Trump – down but not out

On Tuesday in two courts in two cases brought by two different prosecutors President Trump’s former longtime lawyer, Michael Cohen, and his ex-campaign manager, Paul Manafort, were found to be crooks: guilty of bank fraud, tax evasion and paying off a porn star and a Playboy model in violation of federal campaign-finance law.

And the worst of this is that none of us are surprised – and none of the Trump support base will actually care much what their President did.

This is how divisive and paralysed the USA has become.

Mr Trump is a self-aggrandising liar. Period. This is why the work of the special counsel Robert Mueller is so important.

Mr Mueller had his best day on Tuesday. Trump had his worst day.

Both Cohen and Manafort had been in Mr Mueller’s sights. Both were convicted on eight counts, although Mr Mueller had handed over Cohen to the New York attorney’s office to prosecute. It is not the end of the story for Manafort, who is scheduled to go on trial in Washington DC in September over his work in Ukraine. Neither has Cohen finished. In court he admitted under oath that he broke the law at the direction of the president.

Cohen has a reason to cooperate with Mr Mueller – he can reduce his sentence if he assists in further investigations.

How Trump responds is key. Does he fight? Does he deflect? Does hs create a distracting crisis. To date he has encouraged the idea that he will lock up opponents, but he has not done so. Mr Trump attacks the “fake news” media but he has not sent thugs to smash printing presses.

Or – and this would be bizarre could he pardon all those found guilty through the Mueller investigation.  A flurry of pardons would deprive Mr Mueller of leverage to force their co-operation as witnesses. But it would also further provoke what may become a Democratic-majority House to begin impeachment proceedings.

Or he could sack Mueller – he has already twice tried to do so. Trump has already taken to calling Mr Mueller a “disgraced and discredited” man and alleging that the former FBI chief — and registered Republican — is in cahoots with Hillary Clinton’s people.

Mr Trump has called the prosecutors on Mr Mueller’s team “thugs” and “angry Democrats”.

He has also compared the special counsel’s work to the red scare investigations spearheaded by Senator Joe McCarthy in the 1950s.
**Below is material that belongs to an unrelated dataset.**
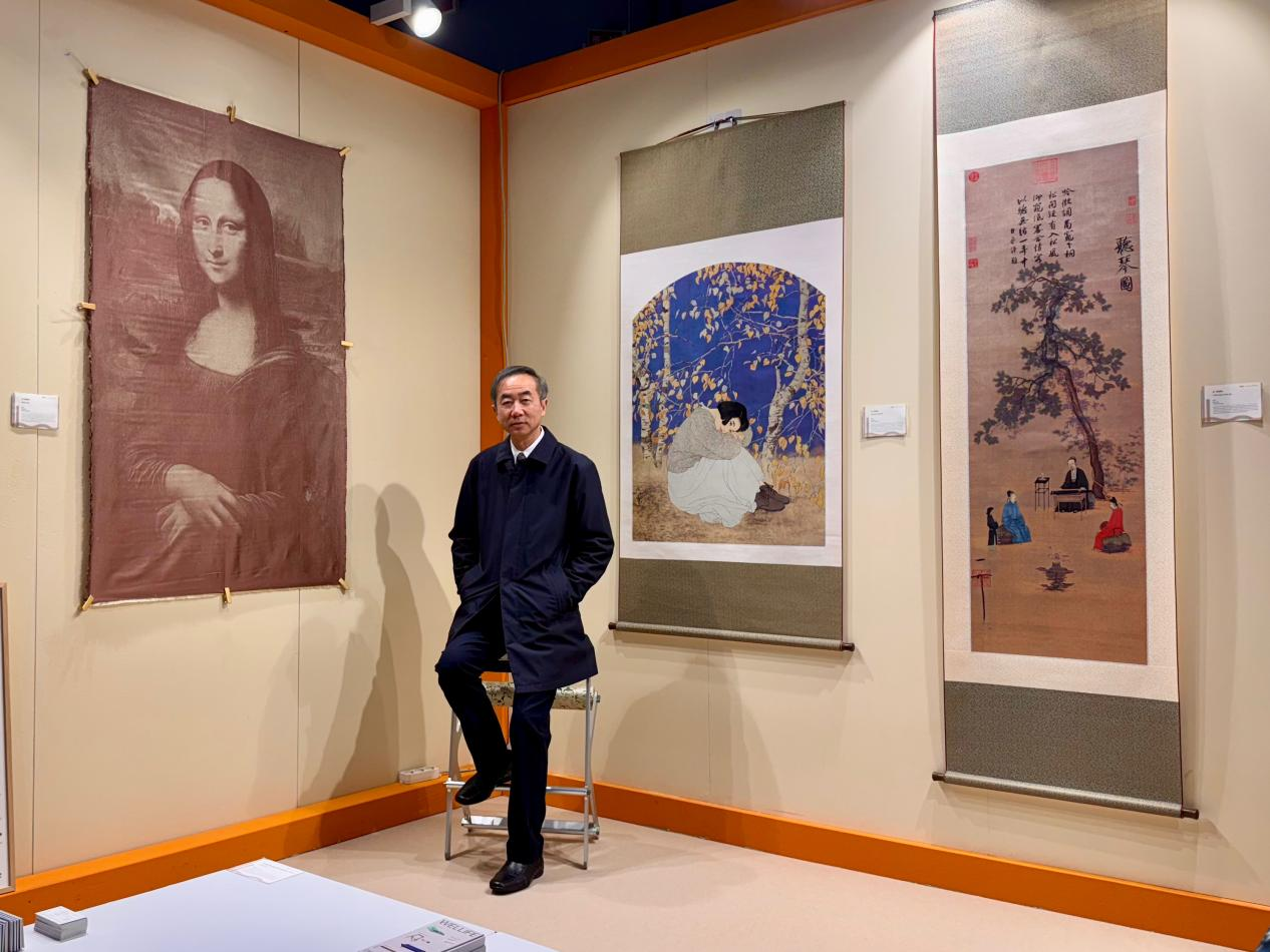 李加林教授织锦作品:《蒙娜丽莎》《听琴图》《秋冥》(从左至右)

Trump will go – resigning citing ill health or indicted. But it will take time. And in the meantime he can still do a great deal of damage. The Watergate investigation took two years to play out. It brought down a president and sent dozens to prison. Mr Mueller has been going for 15 months.

Yet Mr Mueller has barely scratched the surface. The drama will now intensify. Trump has made it plain that he will not voluntarily submit to Mr Mueller’s interrogation. So how does this play out. Unknown. If the Supreme Court becomes involved that stacked body will look after Trump.

One reality from spending the last month in the USA – the american public has so far taken little interest in the details of the 15-month Mueller probe. And that should concern politicians on both sides.